- **THE TASK**: The output is the lines below from the one with "B) >つか公明党が居なきゃ当選できない陣営の人なのかしら |" through the one with "In der Alice", both included, printed exactly and with no other line.

- **SOURCE MATERIAL**:
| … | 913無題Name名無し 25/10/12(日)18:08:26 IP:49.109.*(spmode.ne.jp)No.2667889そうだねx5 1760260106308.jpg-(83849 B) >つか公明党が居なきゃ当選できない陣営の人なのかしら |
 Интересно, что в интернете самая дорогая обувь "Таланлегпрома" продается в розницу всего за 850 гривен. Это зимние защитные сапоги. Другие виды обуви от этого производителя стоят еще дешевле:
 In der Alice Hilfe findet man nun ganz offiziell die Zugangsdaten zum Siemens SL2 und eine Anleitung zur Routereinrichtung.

--

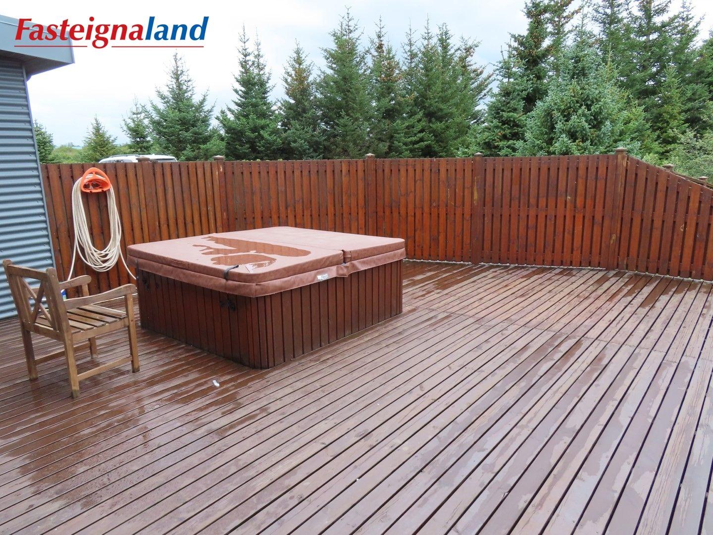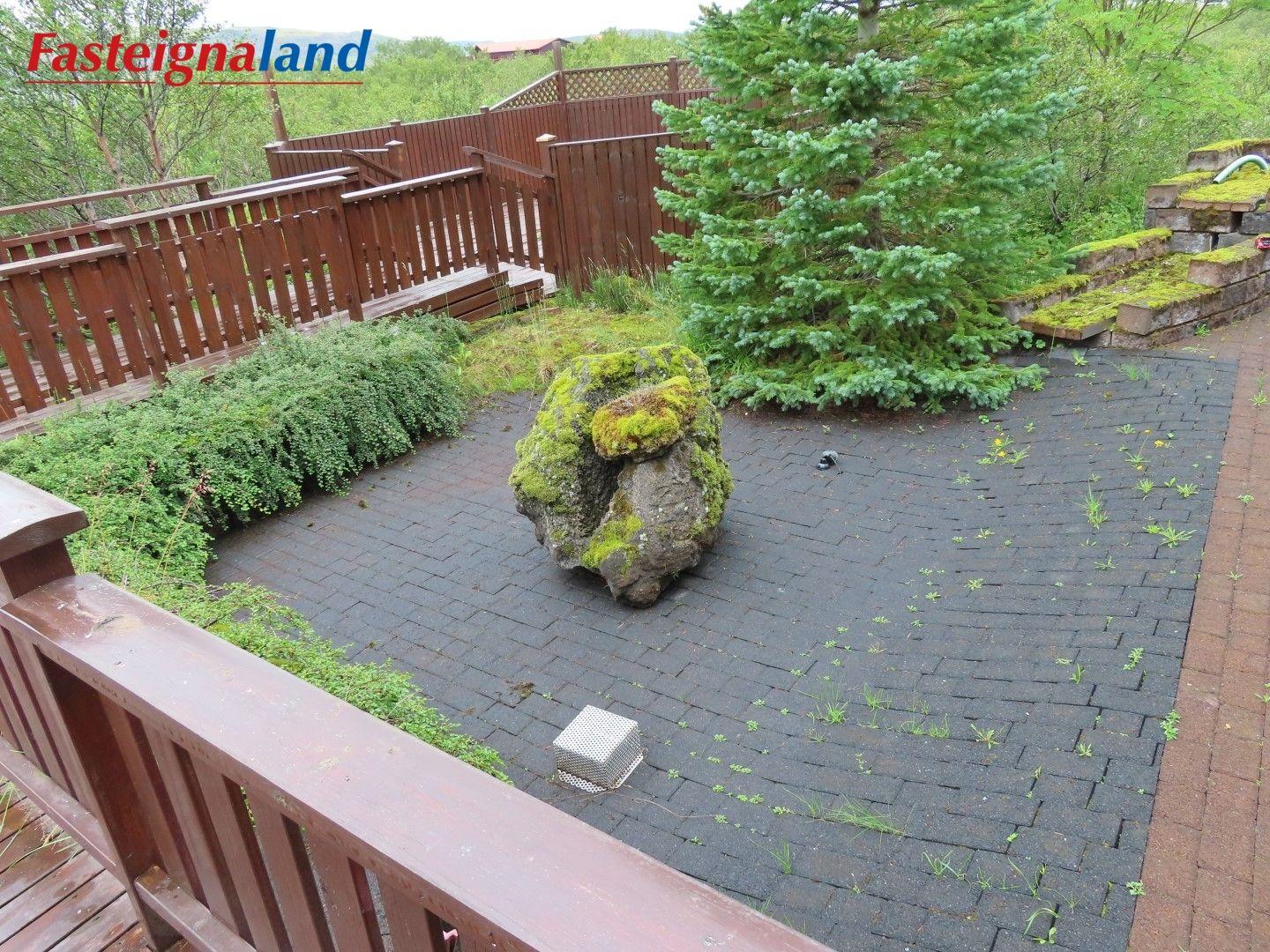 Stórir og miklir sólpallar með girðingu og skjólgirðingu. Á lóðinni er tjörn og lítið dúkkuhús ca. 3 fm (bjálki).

- **WRITTEN RESPONSE**:
| … | 913無題Name名無し 25/10/12(日)18:08:26 IP:49.109.*(spmode.ne.jp)No.2667889そうだねx5 1760260106308.jpg-(83849 B) >つか公明党が居なきゃ当選できない陣営の人なのかしら |
 Интересно, что в интернете самая дорогая обувь "Таланлегпрома" продается в розницу всего за 850 гривен. Это зимние защитные сапоги. Другие виды обуви от этого производителя стоят еще дешевле:
 In der Alice Hilfe findet man nun ganz offiziell die Zugangsdaten zum Siemens SL2 und eine Anleitung zur Routereinrichtung.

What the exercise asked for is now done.